ヒストンコード解明のための発蛍光プラットフォームの開発
真核生物の DNA は、核内においてヒストンタンパク質とその複合体であるクロマチンの状態で存在する。塩基性タンパク質であるヒストンはカチオン性であり、アニオン性の DNA と静電的に相互作用している。ヒストンの N 末端側の 50 残基程度のアミノ酸配列をヒストンテールと呼び、メチル化、アセチル化、リン酸化などの様々な化学修飾を受ける。例えば、ヒストンがアセチル化やリン酸化などの化学修飾を受けると、 DNA の相互作用が弱まり転写が活性化する。一方で、 DNA のメチル化は遺伝子発現を抑制する場合が多い。このような DNA の塩基配列の変化を伴わない遺伝子発現の変化をエピジェネティクスとよぶ。
ヒストンテール上の様々な修飾(アセチル化、メチル化、リン酸化など)の組み合わせが、細胞の機能に重要な役割を果たすというヒストンコードが提唱されている。例えば、ヒストン 3 の N 末端から 4 番目リジンのメチル化(H3K4me)は遺伝子発現の活性化、 H3K9me は遺伝子発現の抑制となる。さらに、 H3S10ph (ph はリン酸化) は H3K9me3 の効果を抑制し、 H3T11ph は H3K4 のメチル化を促進し、遺伝子活性化を促す。これらのヒストンコードの解明は基礎研究のみならず、臨床的に重要な創薬の標的の創出に結び付く可能性を秘めている。
エピジェネティクスの分野の中で、ヒストンの修飾位置や種類の組み合わせであるヒストンコードと生命現象の関係性は近年活発に研究されてきている。従来からヒストンコードを解析する手段として、質量分析法と抗体を用いたクロマチン免疫沈降法が使用されてきたが、スループット性の低さや、修飾の正確な位置を解析することが困難であることが課題となっていた。続いて、それらの課題を克服したマイクロアレイ技術が開発された。様々な抗ヒストン修飾抗体をガラススライドに固定化し、蛍光標識したヒストンタンパク質を結合させ解析する手法である。この手法では、一つ一つのヒストン修飾に対する抗体を準備することが困難であること、認識部位以外の周辺の修飾内容によっての抗体の結合能力にばらつきがあることが欠点となる。本稿では、ペプチドと小分子を用いたヒストンコードを解明するための最新のアレイ技術を報告する 1)。
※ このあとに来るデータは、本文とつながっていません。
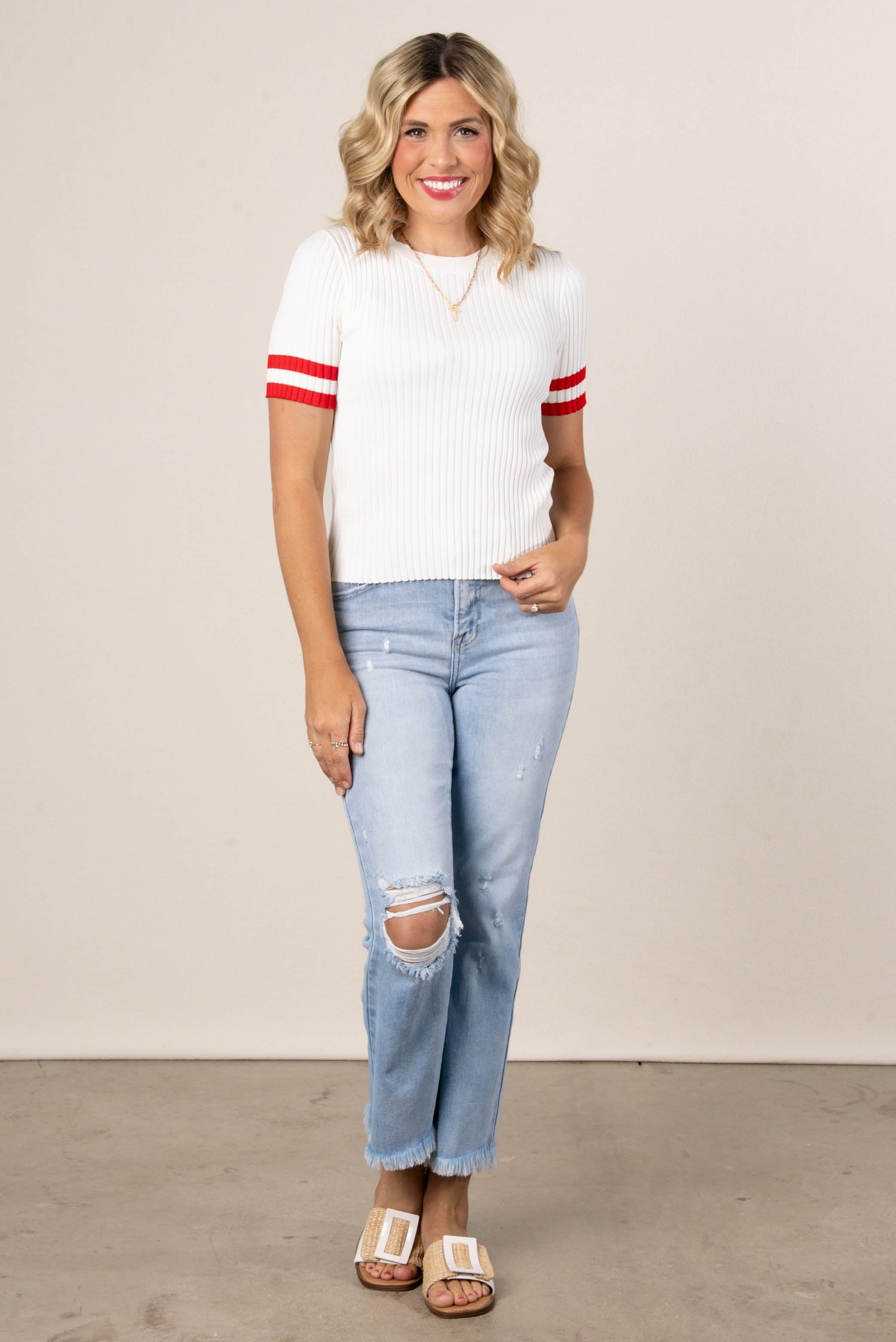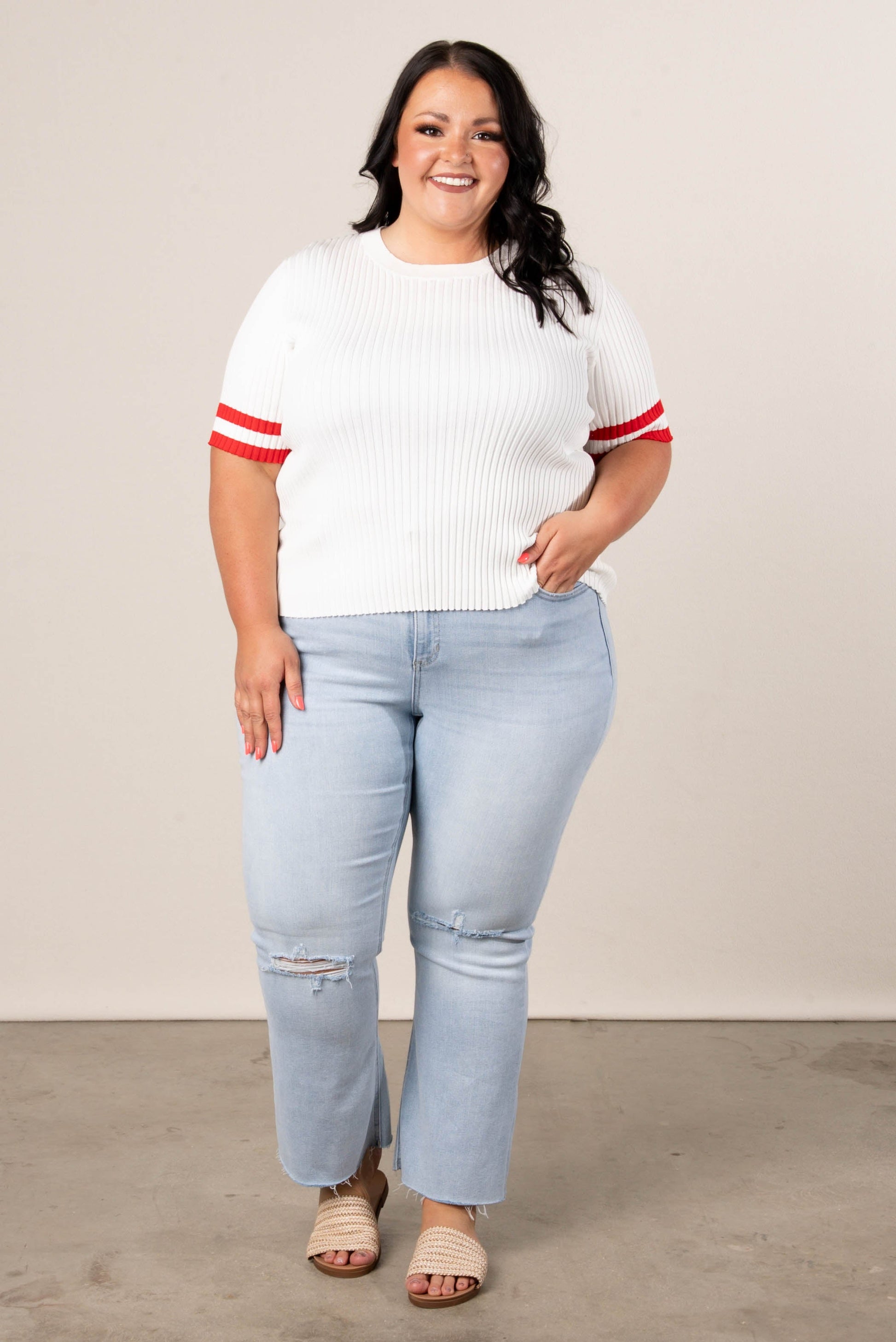 Ribbed Striped Sleeve Sweater *Final Sale*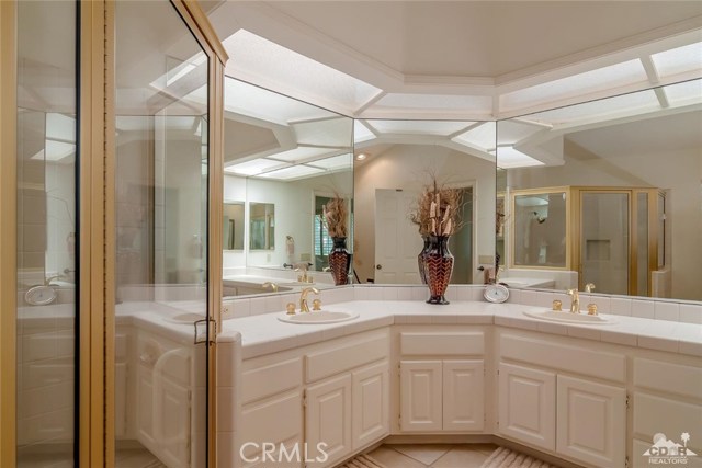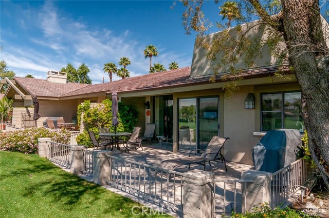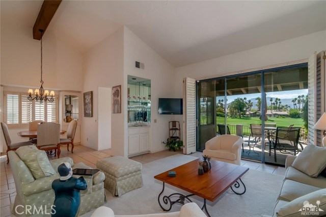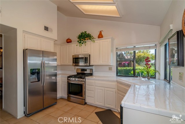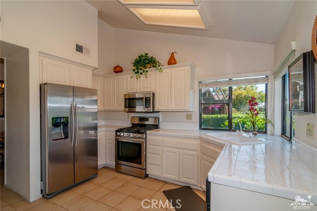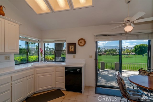 New Price !!Mountain & Lake & Double Fairway views! South Facing! The Lakes! Palm Desert! Three bedroom Abilene model ( third bedroom now a den) with high ceilings and two bathrooms. The home has been updated with tile floors along with upgraded lighting. The living room with gas fireplace and offers the best in entertainment. The kitchen with lots of natural light ,stainless steel appliances opens to the entertainment back porch. The back porch has mountain views & lake views and double fairway views in one of the best locations of the community. Double car garage and highly sought after golf cart garage. Home is close to the community pool and clubhouse. The Lakes CC offers 27 holes of member owned golf , active clubhouse, bocci ball , tennis,pickleball and superb fitness center . World class restaurants and shopping are close. Call today to view this home !

本技術は、 4 種類の蛍光センサー(図 1の B,D,G,N)と様々な修飾ヒストンテールペプチドを混合して得られる蛍光強度を解析し、ペプチドのどの位置がどの様な化学修飾を受けているかを判別するものである。具体的な実験内容は図 2 の通りである。(a)蛍光物質をセンサーに包接し、消光させる。次にペプチド(analyte)を混合し、センサーがペプチドを包接して蛍光物質が脱離すると蛍光を発する。(b)センサーとペプチドは、その組み合わせにより相互作用が異なり、得られる蛍光強度が異なる。(c)各組み合わせの蛍光強度を基に統計的解析を行い、グラフを作成する。この結果から、サンプルのペプチドの修飾位置や修飾の内容(ヒストンコード)を知ることができる。
センサー(図 1)とヒストン H3 のペプチド配列(表 1)を用いて、本アレイ技術で解析した結果を示す(図 3)。センサーは二つの分子 A と一つの分子 X と架橋した構造(A2X : X = B,D,G,N)となっている。 A2X は、図 1 の通り、中に空間があり蛍光物質やメチル化したリジンやアルギニンが包接される性質を有する。この性質は、X の構造やペプチド配列中のリン酸化やアセチル化など環境要因によって変化する。次に、センサー 4 種類とペプチド 13 種類をそれぞれの組み合わせで混合し、蛍光強度を測定後、統計的解析を行うと図 3 に示す結果が得られている。各データは一定の領域に集まっており、 96% の正確度で判別可能であった。
この結果より、リジン、アルギニンのメチル化、アセチル化、リン酸化といった様々な修飾を判別し、さらに複数の修飾に関しても適用可能であることが報告されている。
本技術は、リジンメチル化数の判別、酵素反応のモニタリング(data not shown)なども報告しており、 in vitro でのヒストンコード研究の有用なツールになることが期待される。
[参考文献]
1) Peacor, B. C.; Ramsay, C. M.; Waters, M. L., Chemical Science, 2017, 8, 1422-1428.